采用1.3微米双轴光学相干断层扫描技术及增强焦深的深度成像。

Deep imaging with 1.3 µm dual-axis optical coherence tomography and an enhanced depth of focus.

作者信息

Jelly Evan T, Zhao Yang, Chu Kengyeh K, Price Hillel, Crose Michael, Steelman Zachary A, Wax Adam

机构信息

Department of Biomedical Engineering, Duke University, Durham, NC 27708, USA.

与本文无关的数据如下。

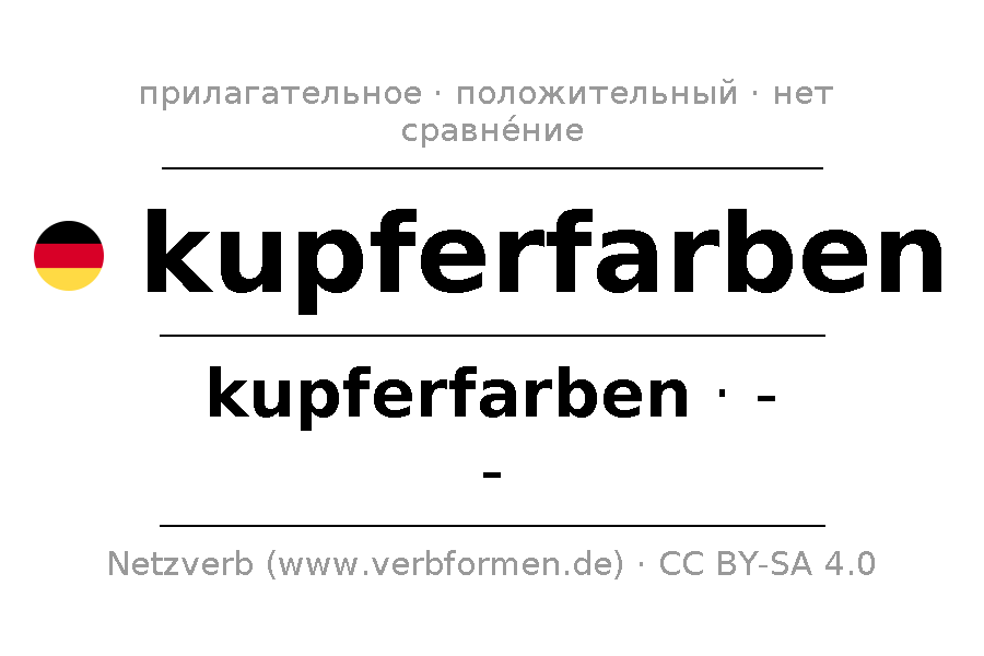 Склонение и степени сравнения kupferfarben онлайн в виде таблиц, содержащих все формы сильного, слабого и смешанного склонений. Для наглядности они сведены в одну общую таблицу, в которой представлены формы единственного (Singular) и множественного (Plural) числа всех четырёх падежей: именительного (номинатив или 1-й падеж - кто? что?), родительного (генитив или 2-й падеж - кого? чего? чей?), дательного (датив или 3-й падеж - кому? чему?) и винительного (аккузатив или 4-й падеж - кого? что?). Более подробную информацию Вы найдёте на ... викисловаря ... и на ... в Дудене.
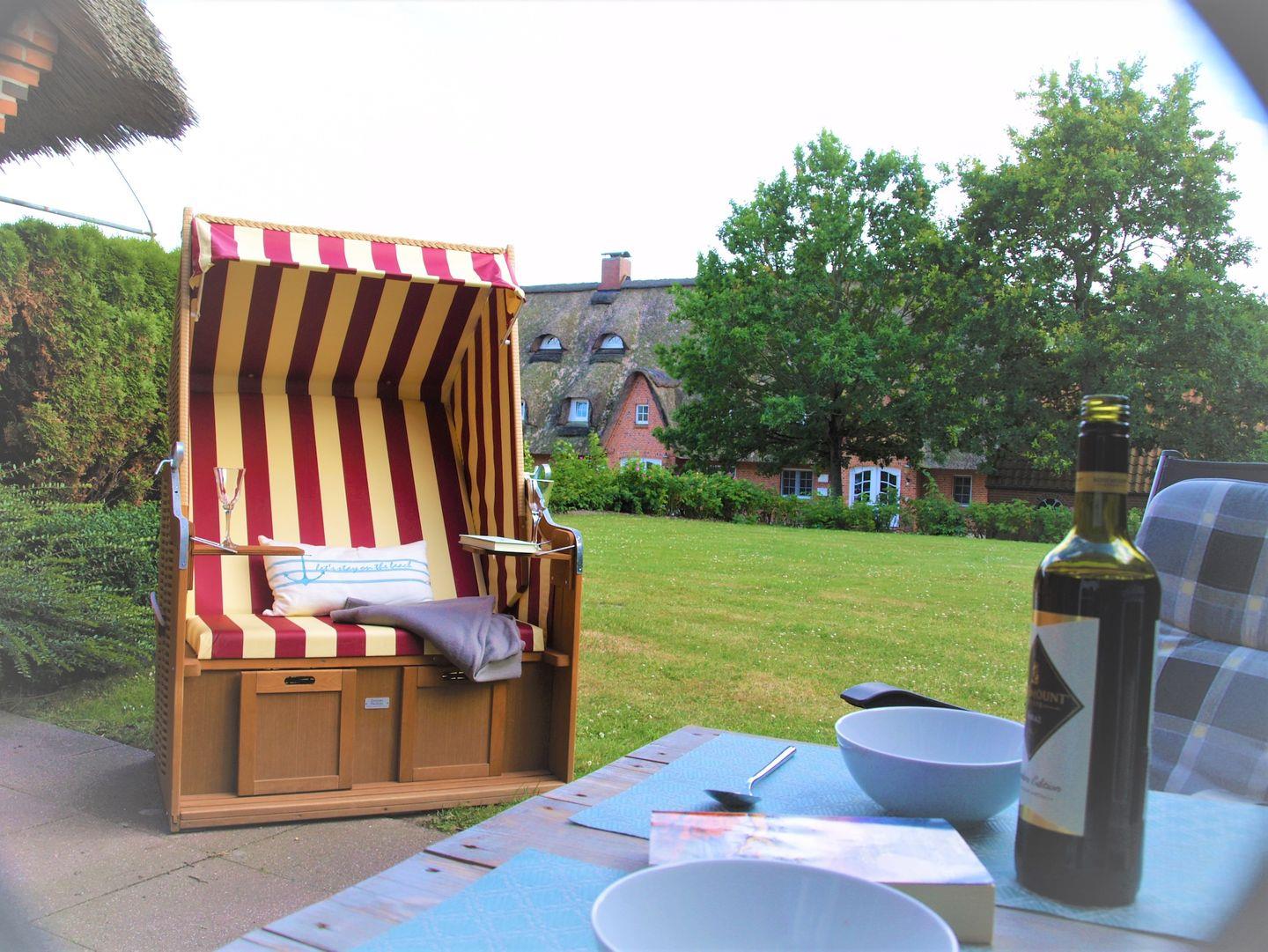 Wenn die Sonne scheint, laden die überdachte Terrasse und die Gartenmöbel dazu ein, die frische Nordseeluft zu genießen. Machen Sie es sich im Strandkorb gemütlich und erleben Sie unvergessliche Momente im Freien. Genießen Sie den Blick auf die umliegende Landschaft von der Terrasse aus, wo Sie den Alltag hinter sich lassen können.
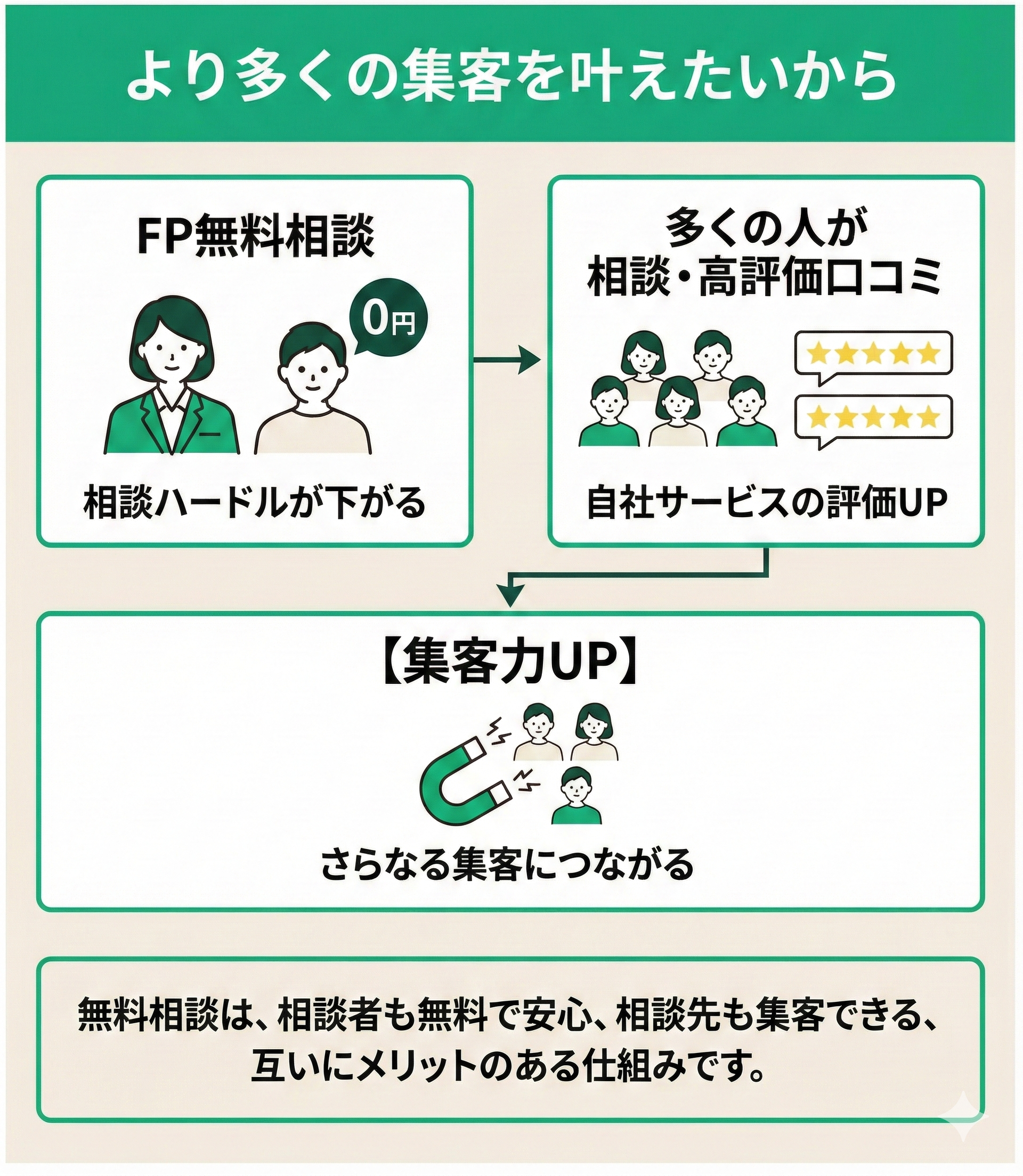 無料にすることで相談へのハードルを下げ、より多くの人々に相談していただき、高評価の口コミをたくさんいただくことで、自社サービスのさらなる集客につながります。

Lumedica, Durham, NC 27701, USA.

出版信息

Biomed Opt Express. 2021 Nov 18;12(12):7689-7702. doi: 10.1364/BOE.438621. eCollection 2021 Dec 1.

DOI:10.1364/BOE.438621

PMID:35003860

原文链接:https://pmc.ncbi.nlm.nih.gov/articles/PMC8713684/

Abstract

For many clinical applications, such as dermatology, optical coherence tomography (OCT) suffers from limited penetration depth due primarily to the highly scattering nature of biological tissues. Here, we present a novel implementation of dual-axis optical coherence tomography (DA-OCT) that offers improved depth penetration in skin imaging at 1.3 µm compared to conventional OCT. Several unique aspects of DA-OCT are examined here, including the requirements for scattering properties to realize the improvement and the limited depth of focus (DOF) inherent to the technique. To overcome this limitation, our approach uses a tunable lens to coordinate focal plane selection with image acquisition to create an enhanced DOF for DA-OCT. This improvement in penetration depth is quantified experimentally against conventional on-axis OCT using tissue phantoms and mouse skin. The results presented here suggest the potential use of DA-OCT in situations where a high degree of scattering limits depth penetration in OCT imaging.

摘要

对于许多临床应用，如皮肤病学，光学相干断层扫描（OCT）主要由于生物组织的高散射特性而存在穿透深度有限的问题。在此，我们展示了一种双轴光学相干断层扫描（DA - OCT）的新颖实现方式，与传统OCT相比，它在1.3 µm波长下对皮肤成像具有更好的深度穿透能力。本文研究了DA - OCT的几个独特方面，包括实现这种改进所需的散射特性要求以及该技术固有的有限焦深（DOF）。为克服这一限制，我们的方法使用可调谐透镜将焦平面选择与图像采集相协调，为DA - OCT创建增强的焦深。利用组织仿体和小鼠皮肤，通过实验对相对于传统同轴OCT的穿透深度改进进行了量化。此处呈现的结果表明，在OCT成像中高度散射限制深度穿透的情况下，DA - OCT具有潜在的应用价值。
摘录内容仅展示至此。